Sadly, very few White evangelicals or fundamentalists participated in the Southern Civil Rights cause. Many white fundamentalists branded Dr. King and the Civil Rights Movement as “communistic.” White evangelicals continued to focus upon saving souls for heaven. Evangelical dispensationalists felt that Dr. King was simply wasting his time and was rearranging deck chairs on the Titanic. Dispensationalists could never have created the “I Have a Dream” speech in which Dr. King stated his hope that one day his children might play together with White children. Christianity Today expressed a very lukewarm and cautious response to Dr. King’s efforts.

Billy Graham, who was invited, but didn’t attend the 1963 March on Washington said: “Only when Christ comes again will little white children of Alabama walk hand in hand with little black children.” Graham’s view wasn’t meant to be harsh or bigoted, but simply what most white evangelicals perceived to be realistic.

The Beginning of Evangelical Involvement

African-American evangelicals were at the forefront of leading evangelicalism toward prioritizing racial reconciliation. These African-American evangelicals included John Perkins, who was called back to his home state of Mississippi to live out racial reconciliation. They also included Tom Skinner, a Harlem gang leader, who traveled the country in the 1960’s and 70’s as a minister of reconciliation and focused especially on youth. Samuel Hines, who pastored in the inner city of Washington, DC; William Pannell, E.V. Hill, and James Earl Massey all self-identified as evangelical; all had experienced the racialized society that was America; all associated with white evangelicals; all were influenced by Dr. Martin Luther King, Jr.; and, all were sold on the idea that reconciliation was “God’s one item agenda” in the words of Samuel Hines.

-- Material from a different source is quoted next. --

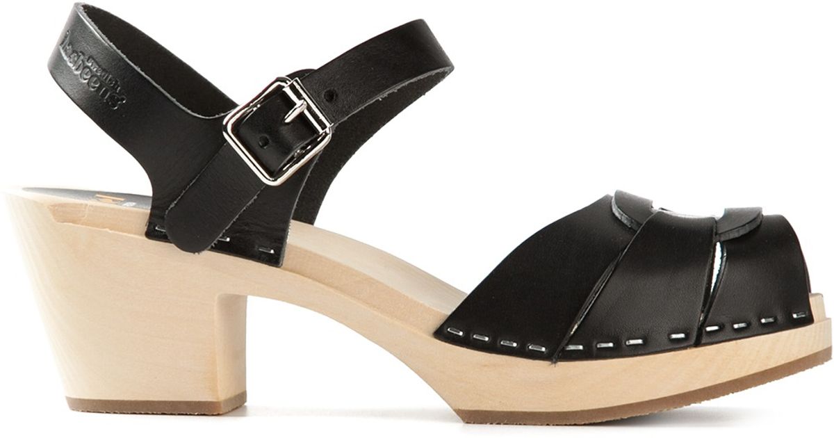 Swedish Hasbeens Wooden Sole Sandals In Black Lyst

There is a biblical and theological basis for moving us in the direction of racial reconciliation. The heart of God is a heart of reconciliation. Jesus is the one who tears down dividing walls between people. The cross is the reconciling agent of God, not only between God and people, but people with each other. It has always been the plan of God to produce one new man, one body, out of the various peoples on the earth. And in the end, we read in the book of Revelation, that before the throne of God there will be worship from every tongue, tribe and nation.